Oleh Sekretaris Umum HMI cabang Makassar, HasanuddinÂ
IKOLOM.NEWS, OPINI – Tahun 2024 menyisakan catatan kelam bagi penegakan hukum di Kota Makassar. Berbagai kasus korupsi, mismanajemen, dan ketidakadilan yang mengemuka bukan hanya mencederai kepercayaan publik, tetapi juga mencerminkan lemahnya tata kelola pemerintahan dan institusi hukum.
Salah satu kasus yang mencuat adalah dugaan korupsi dalam proyek Smart Toilet dan South Sulawesi Creative Hub (SSCH). Kedua proyek ini seharusnya menjadi simbol inovasi dan modernisasi di bidang pelayanan publik, tetapi justru berubah menjadi medan praktik korupsi. Penyelesaian kasus ini lambat, memperlihatkan bahwa aparat penegak hukum belum menunjukkan keberanian dan ketegasan untuk menyasar pihak-pihak yang diduga kuat terlibat, termasuk para pengambil kebijakan.
Tak kalah mengkhawatirkan adalah kasus pengadaan Smart Board di Dinas Pendidikan Sulawesi Selatan. Ketika dunia pendidikan seharusnya menjadi prioritas dalam mencetak generasi berkualitas, justru dana yang dialokasikan untuk mendukung teknologi pembelajaran diduga diselewengkan. Ironisnya, penyelidikan kasus ini seperti berjalan di tempat tanpa perkembangan berarti.
Kasus proyek pembangunan perpipaan air limbah di Makassar juga menjadi sorotan. Meskipun beberapa tersangka telah ditetapkan, proses hukum terkesan lambat.
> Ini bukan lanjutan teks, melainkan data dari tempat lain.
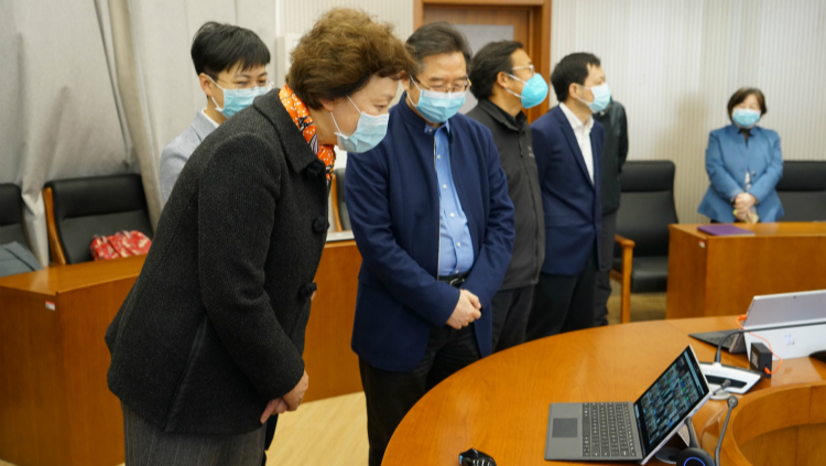 4月17日上午,清华大学党委书记陈旭一行来到皇冠体育官网,调研附中疫情防控和毕业班学生试开学准备工作并与附中高三学子视频连线慰问鼓励。清华大学党办校办主任丛振涛、后勤党委书记邱显清、本科招办主任余潇潇、党办校办机要室副主任张蕾陪同调研。皇冠体育官网校长王殿军、党委书记方妍及全体班子成员,初高三年级教师代表参加了调研。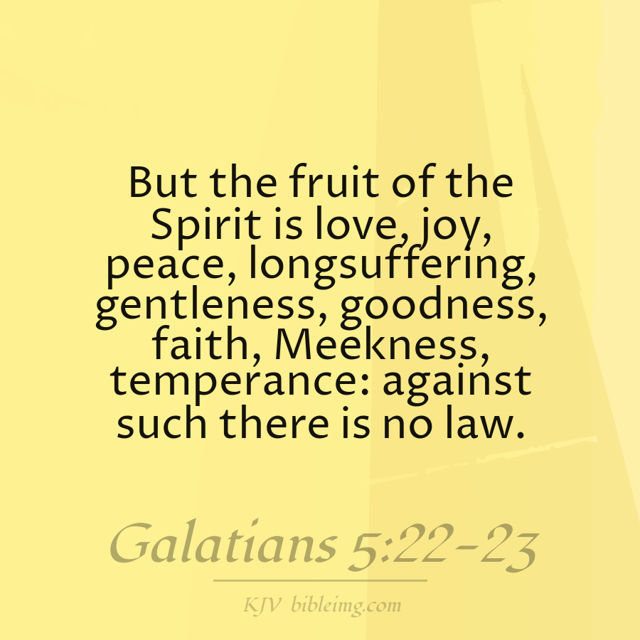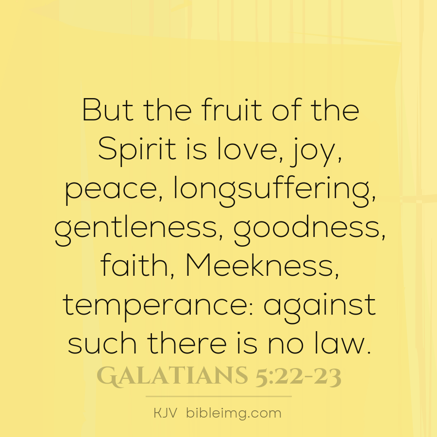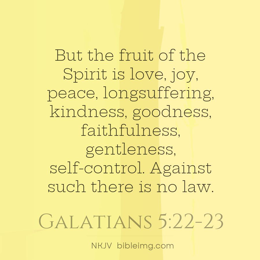 But the fruit of the Spirit is love, joy, peace, longsuffering, kindness, goodness, faithfulness, gentleness, self-control. Against such there is no law.
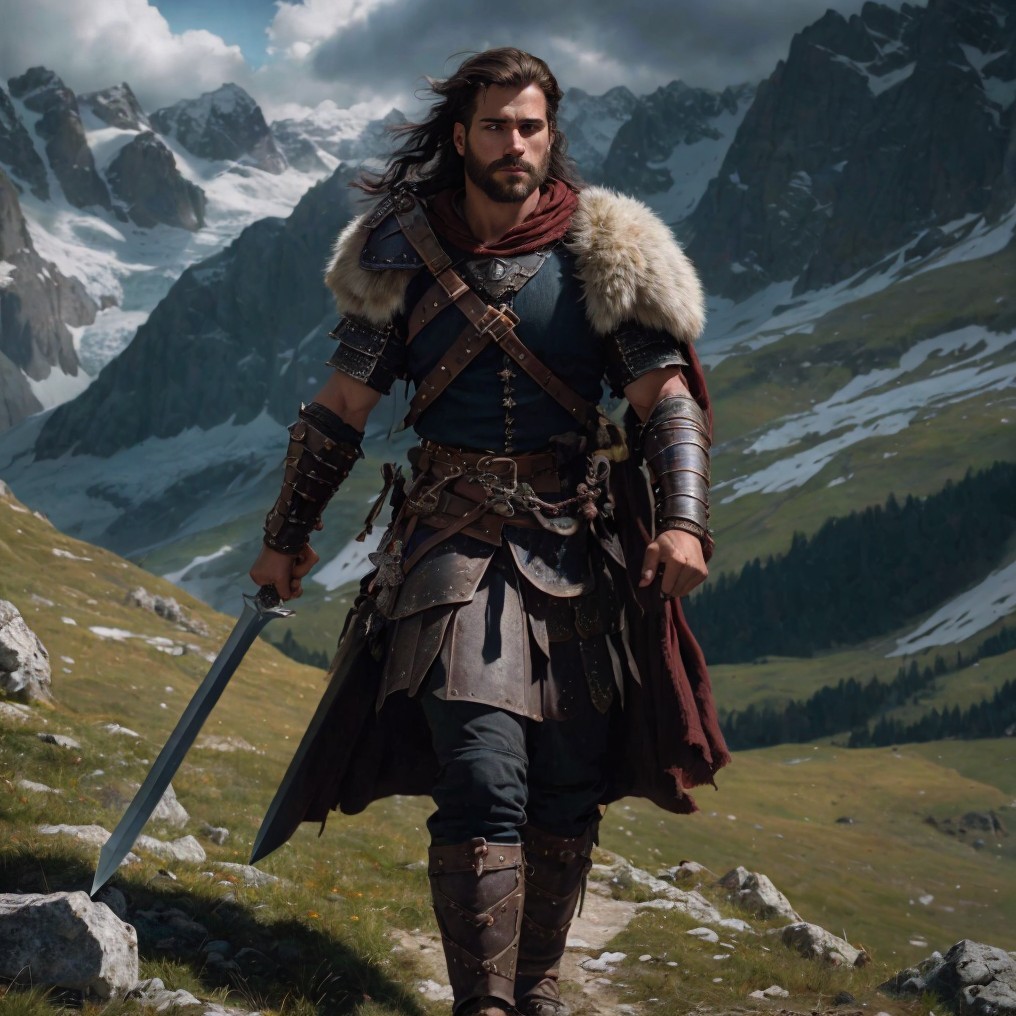 Character study of a Visigoth warrior journeying through the alps. Chaotic good alignment, barbarian. Lean, wiry, fit, masculine role model.
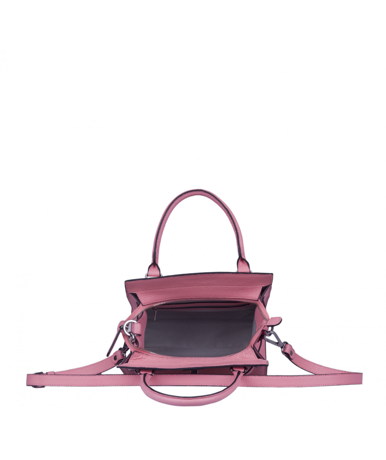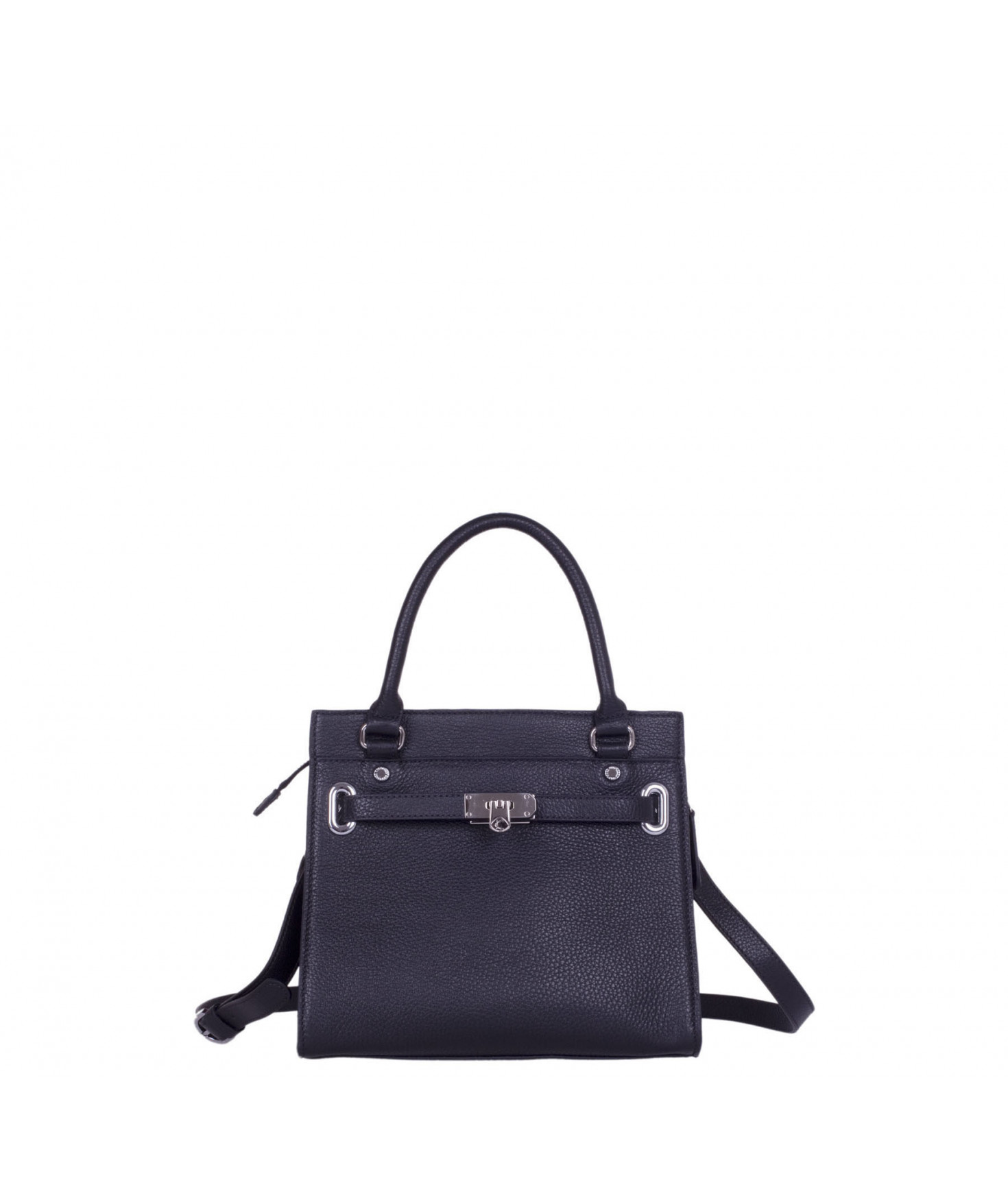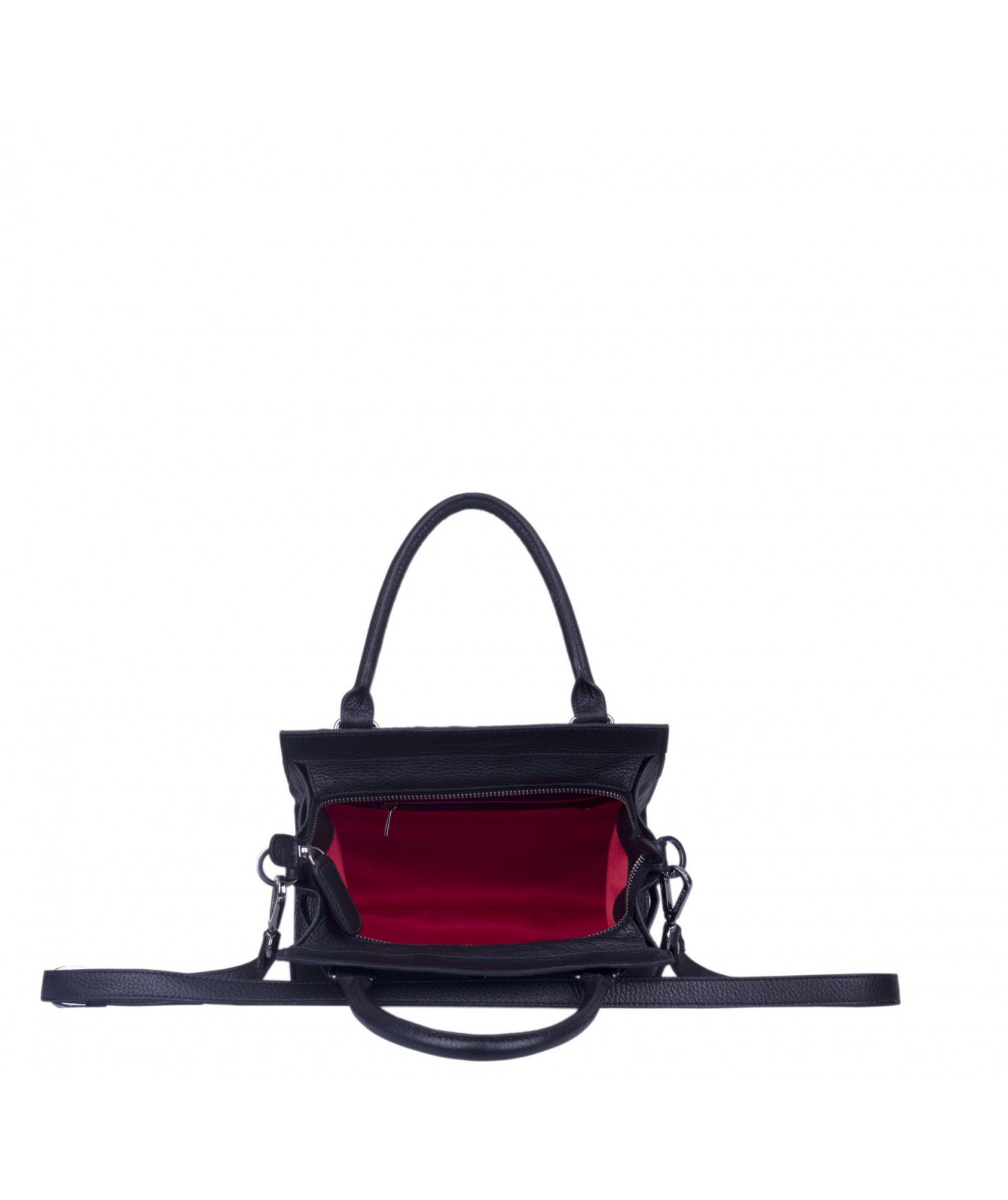 Petit sac porté main, épaule ou croisé grâce à une bandoulière réglable et amovible. Fermeture à zip. Une poche intérieure zippée et deux poches intérieures plaquées. Bijouterie en métal finition argentée.

Hal ini semakin mempertegas bahwa sistem hukum kita sering kali tebang pilih, cenderung menyeret pihak-pihak kecil sembari melindungi aktor-aktor utama di balik layar.
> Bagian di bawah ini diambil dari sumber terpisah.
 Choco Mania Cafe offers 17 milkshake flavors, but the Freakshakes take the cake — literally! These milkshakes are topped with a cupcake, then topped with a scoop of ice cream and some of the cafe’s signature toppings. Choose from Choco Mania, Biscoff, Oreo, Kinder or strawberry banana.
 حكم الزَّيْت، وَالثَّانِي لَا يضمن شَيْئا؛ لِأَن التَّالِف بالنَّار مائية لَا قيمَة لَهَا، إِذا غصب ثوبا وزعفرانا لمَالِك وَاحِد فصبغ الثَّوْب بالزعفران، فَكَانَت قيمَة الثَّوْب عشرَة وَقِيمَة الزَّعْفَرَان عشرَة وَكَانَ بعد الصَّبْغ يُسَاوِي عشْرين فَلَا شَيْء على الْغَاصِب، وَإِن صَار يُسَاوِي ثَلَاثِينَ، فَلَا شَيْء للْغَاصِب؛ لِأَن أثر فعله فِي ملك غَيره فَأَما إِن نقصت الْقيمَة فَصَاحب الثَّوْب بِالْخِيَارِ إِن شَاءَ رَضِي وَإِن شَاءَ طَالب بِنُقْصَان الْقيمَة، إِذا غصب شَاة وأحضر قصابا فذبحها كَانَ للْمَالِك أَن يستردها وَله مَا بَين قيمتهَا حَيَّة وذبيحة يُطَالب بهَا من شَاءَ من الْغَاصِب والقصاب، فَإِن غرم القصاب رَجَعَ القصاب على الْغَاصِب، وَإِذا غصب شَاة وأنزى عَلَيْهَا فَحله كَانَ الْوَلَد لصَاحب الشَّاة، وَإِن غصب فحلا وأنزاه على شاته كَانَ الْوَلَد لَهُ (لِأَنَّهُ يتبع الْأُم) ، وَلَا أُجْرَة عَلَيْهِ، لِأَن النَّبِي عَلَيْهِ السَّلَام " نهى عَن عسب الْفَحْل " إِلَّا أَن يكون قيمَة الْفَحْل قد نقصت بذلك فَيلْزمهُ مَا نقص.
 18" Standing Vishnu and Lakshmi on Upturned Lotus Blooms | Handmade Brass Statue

Lebih dari itu, aksi mogok para hakim di Pengadilan Negeri Makassar adalah tamparan keras bagi dunia peradilan di Indonesia. Protes para hakim atas ketidakadilan kesejahteraan mereka memang valid, tetapi dampaknya terhadap ratusan kasus yang tertunda tidak bisa diremehkan. Hal ini menunjukkan betapa rapuhnya sistem peradilan kita ketika kesejahteraan aparat penegak hukum tidak menjadi prioritas pemerintah.
Pertanyaan Mendalam tentang Akuntabilitas dan Reformasi
Situasi ini memunculkan pertanyaan besar: sejauh mana komitmen pemerintah daerah dan pusat dalam memperbaiki tata kelola hukum dan memberantas korupsi? Apakah ada keberanian politik untuk membawa kasus-kasus besar ini ke meja hijau hingga tuntas? Atau kita akan terus menyaksikan skenario usang di mana kasus-kasus ini dilupakan begitu saja seiring waktu?
Melihat kondisi tersebut, Hasanuddin, Sekertaris Umum HMI Cabang Makassar berpandangan bahwa Masyarakat juga harus merenungi peran mereka dalam mendorong akuntabilitas.
Ketika perhatian publik melemah, ruang untuk penyelesaian kasus dengan cara kompromi semakin terbuka. Padahal, kasus-kasus ini memiliki dampak langsung terhadap kesejahteraan rakyat, seperti akses pendidikan yang lebih baik, layanan publik yang layak, dan lingkungan hidup yang bersih.
Hasan, panggilan akrab Sekertaris Umum HMI Cabang Makassar tersebut juga memberikan tawaran Rekomendasi untuk Perubahan secara Sistemik
Pertama, perlu ada percepatan dalam proses penyelidikan dan penyidikan kasus korupsi dengan melibatkan lembaga independen, seperti KPK.
Kedua, reformasi menyeluruh dalam sistem peradilan dan kesejahteraan hakim harus menjadi prioritas untuk menghindari gangguan seperti aksi mogok. Ketiga, transparansi dalam pengelolaan anggaran publik harus diperkuat, termasuk keterlibatan masyarakat sipil dalam memantau jalannya proyek-proyek pemerintah.
Akhirnya, penegakan hukum yang adil dan transparan adalah fondasi penting bagi kemajuan Makassar. Tanpa itu, janji-janji pembangunan hanyalah ilusi, dan kepercayaan publik terhadap pemerintah semakin terkikis.
Terakhir, bahwa tahun 2025 merupakan lembaran baru yang harus mendapat perhatian lebih kepada perbaikan penegakan hukum di Makassar, tahun 2024 harus menjadi pengingat bahwa reformasi sistemik tidak bisa lagi ditunda.